▶ RECORDS FOR THIS EXERCISE

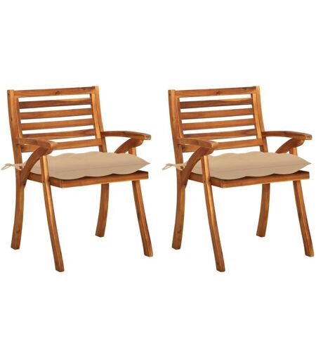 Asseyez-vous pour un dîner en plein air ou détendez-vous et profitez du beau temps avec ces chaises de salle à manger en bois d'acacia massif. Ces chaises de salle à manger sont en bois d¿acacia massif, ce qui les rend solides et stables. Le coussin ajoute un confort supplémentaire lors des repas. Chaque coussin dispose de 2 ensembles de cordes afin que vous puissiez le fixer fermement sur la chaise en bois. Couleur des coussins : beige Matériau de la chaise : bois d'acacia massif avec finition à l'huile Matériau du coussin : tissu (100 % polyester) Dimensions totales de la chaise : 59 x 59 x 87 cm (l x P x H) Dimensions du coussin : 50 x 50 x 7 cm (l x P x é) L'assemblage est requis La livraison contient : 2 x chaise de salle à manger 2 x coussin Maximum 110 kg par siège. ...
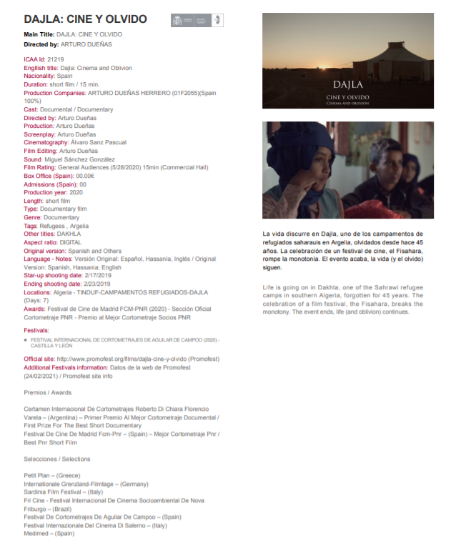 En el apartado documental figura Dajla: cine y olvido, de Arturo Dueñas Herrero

* * *

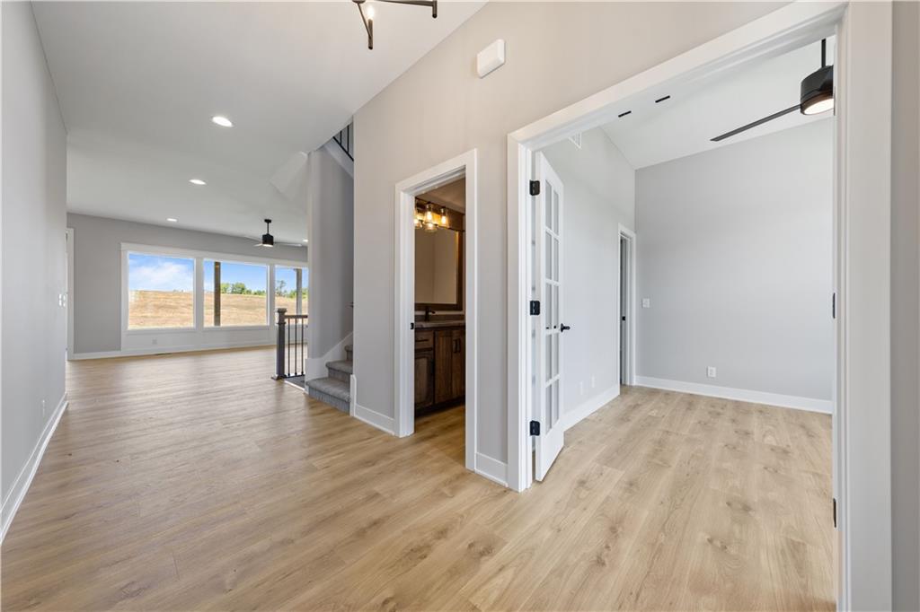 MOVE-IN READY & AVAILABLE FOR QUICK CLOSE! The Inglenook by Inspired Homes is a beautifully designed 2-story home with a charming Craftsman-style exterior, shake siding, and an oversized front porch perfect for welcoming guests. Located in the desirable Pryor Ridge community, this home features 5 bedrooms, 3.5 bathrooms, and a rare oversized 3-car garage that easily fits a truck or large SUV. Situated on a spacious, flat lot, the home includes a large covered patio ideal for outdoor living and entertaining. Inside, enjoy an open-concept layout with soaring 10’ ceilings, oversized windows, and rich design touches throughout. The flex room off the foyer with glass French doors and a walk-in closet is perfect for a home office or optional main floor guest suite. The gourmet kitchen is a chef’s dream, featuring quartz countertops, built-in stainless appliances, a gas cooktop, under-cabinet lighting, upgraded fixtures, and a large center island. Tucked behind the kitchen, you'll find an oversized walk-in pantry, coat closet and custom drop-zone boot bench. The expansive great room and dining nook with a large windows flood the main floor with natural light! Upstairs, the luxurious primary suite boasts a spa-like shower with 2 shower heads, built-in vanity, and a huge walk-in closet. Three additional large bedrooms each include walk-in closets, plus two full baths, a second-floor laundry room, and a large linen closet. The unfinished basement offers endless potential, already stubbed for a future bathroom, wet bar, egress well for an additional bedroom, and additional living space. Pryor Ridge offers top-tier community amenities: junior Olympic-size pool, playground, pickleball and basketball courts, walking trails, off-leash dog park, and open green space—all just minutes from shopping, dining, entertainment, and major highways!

▶ THE TASK
Transcribe exactly the lines above, beginning at the one with "Asseyez-vous pour un" and going up to and including the one with "En el apartado". Pictures do not belong in the copy.

▶ FINISHED TASK
 Asseyez-vous pour un dîner en plein air ou détendez-vous et profitez du beau temps avec ces chaises de salle à manger en bois d'acacia massif. Ces chaises de salle à manger sont en bois d¿acacia massif, ce qui les rend solides et stables. Le coussin ajoute un confort supplémentaire lors des repas. Chaque coussin dispose de 2 ensembles de cordes afin que vous puissiez le fixer fermement sur la chaise en bois. Couleur des coussins : beige Matériau de la chaise : bois d'acacia massif avec finition à l'huile Matériau du coussin : tissu (100 % polyester) Dimensions totales de la chaise : 59 x 59 x 87 cm (l x P x H) Dimensions du coussin : 50 x 50 x 7 cm (l x P x é) L'assemblage est requis La livraison contient : 2 x chaise de salle à manger 2 x coussin Maximum 110 kg par siège. ...
 En el apartado documental figura Dajla: cine y olvido, de Arturo Dueñas Herrero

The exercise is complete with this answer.